How do you teach CBT to children under 12?

This was a difficulty raised in the survey I conducted in the last newsletter.  As you probably know the current recommended age for starting CBT (Cognitive Behavioural Therapy) is about 7 years.  Yet many of the concepts presented are challenging for 7 year olds.  Teaching cognitive strategies to primary aged children always requires patience and lots of simple practice examples to teach the thought feeling connection and using realistic thinking to overcome worries (I work with lots of anxious kids).

Worksheets stepping kids through the process are part of the process of teaching CBT but I also use several games to make the learning fun.

Land of Psymon is the best game I have seen to teach cognitve strategies.  The game is appealing, kids comment it is like Pokemon, and they are keen to try and catch the cards with 'psychological monsters' 

I am really enjoying the resources that I have been purchasing from Therapy Tools, the children are loving the board games and I am finding that it is a more interactive and fun approach for the children to learn and apply CBT skills, the Psymon cards have also proved very popular with adult clients as a way to make identification of irrational thoughts more fun!
Belinda Pike, Psychologist, Queensland

 Other great games to help you teach CBT skills include

Puzzled - problem solving

Use Your I's - assertion

The Feelings Game - CBT

The Stress Management Game - CBT

Solution City - Problem Solving

 

HOW TO GET ADOLESCENTS TALKING

Three essential steps to help create the best environment to help adolescents start talking.

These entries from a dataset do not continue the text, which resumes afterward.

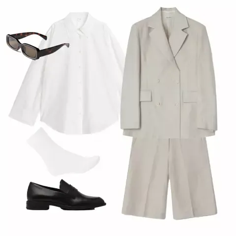 Chcete si zachovat business styl i v létě? S lněným kostýmem v přírodní barvě to není žádný problém – v Praze, Brně i v práci na home office. Stačí doplnit loafers a slunečními brýlemi.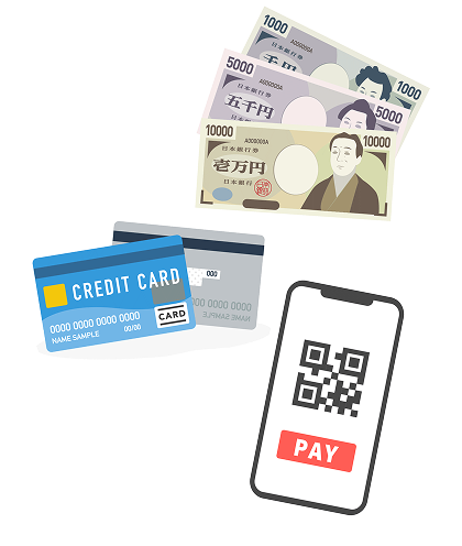 お支払いは、現金・クレジットカード・QRコード決済にご対応しております。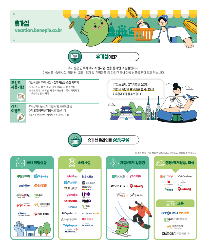 이렇게 40만 원이 생기면 '휴가샵'이라는 홈페이지나, 스마트폰 앱으로 여행과 관련된 상품을 구입하는 데 사용할 수 있습니다. 숙박시설 예약이나, 관광지, 테마파크 입장권 구매, 전시회나 공연 예약, 교통편 예약을 비롯해서 레저용품 구매나 책을 구매하는 데까지 다양하게 사용할 수 있습니다.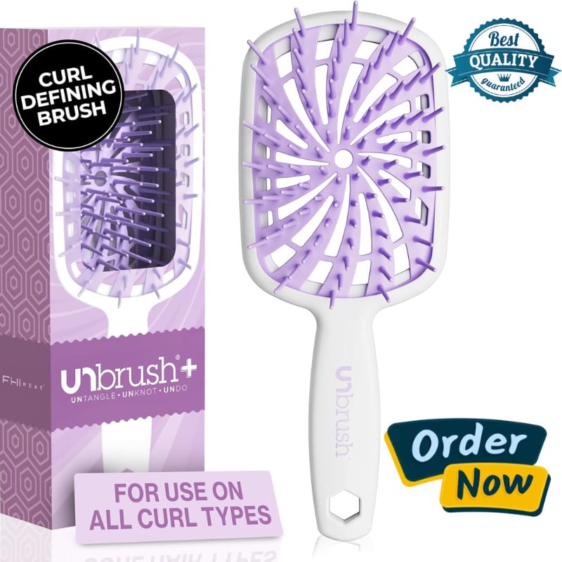 FHI Heat UNbrush Plus — Curly Hair Brush for Gentle & Effective Detangling on Wet or Dry Fragile Hair Types — Detangler Brush w/ 84 UltraFlex Bristles, Ultra-light, Vented, Anti Static Hairbrush
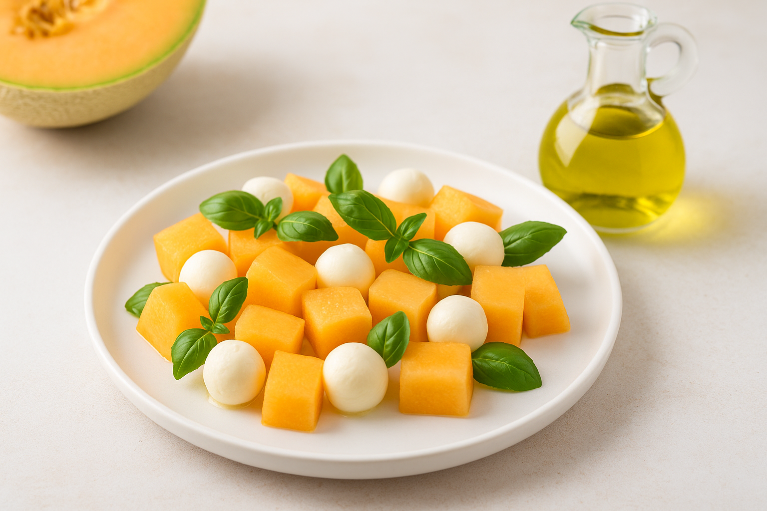 Yazın sıcağında hem ferahlatıcı hem de şık bir tabak arıyorsanız, bu tarif tam size göre! Kavunun tatlı aromasıyla taptaze fesleğen ve tuzlu mozzarella bir araya geliyor — hem hafif hem de doyurucu bir yaz salatası!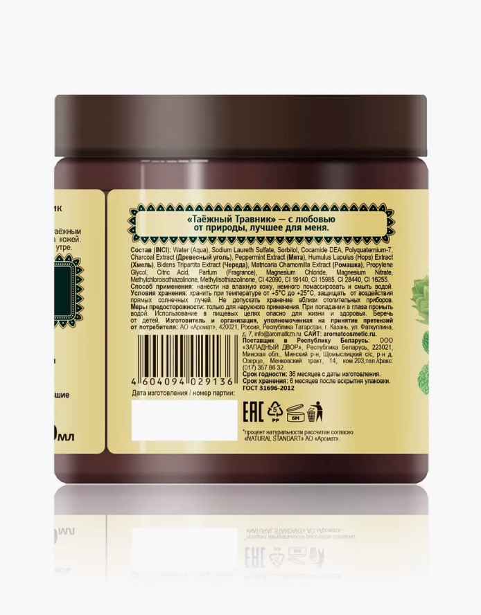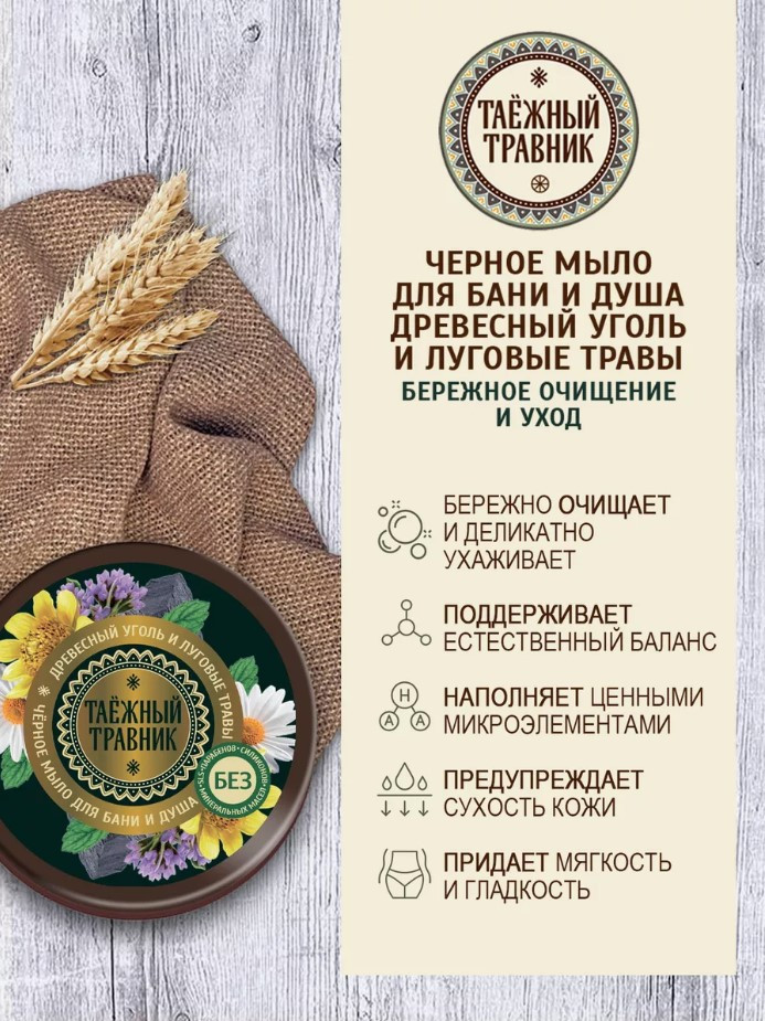 Aromat cosmetic Черное мыло для бани и душа для волос и тела «Древесный уголь и луговые травы»

Building rapport with a reluctant teen can have the most experienced therapist feeling under pressure.

One of my colleagues has just ventured into treating adolescents and asked me "How do you do that all the time?" after a particular long session with very little communication from his adolescent patient.  There are never any guarantees when it comes to helping teens to open up but there are some things that will help the process.

Step 1:  Make sure the waiting room has interesting things for adolescents such as age appropriate books and magazines.  If they have to wait for you then items of interest can help them to feel more relaxed.

Step 2:  Check if they want their parent in the room to start or if they want to come in alone.  Giving an adolescent some control over the session can help with building rapport.  

Step 3:  Acknowledge that it wasn't their choice to come along.  Questions such as "Why do you think mum and dad have dragged you in to see me?' is better than asking about their problem.  

The above informatin is a very basic example of some steps used in rapport building.  Even though we promote games, I would always use them with caution when starting out with an adolescent.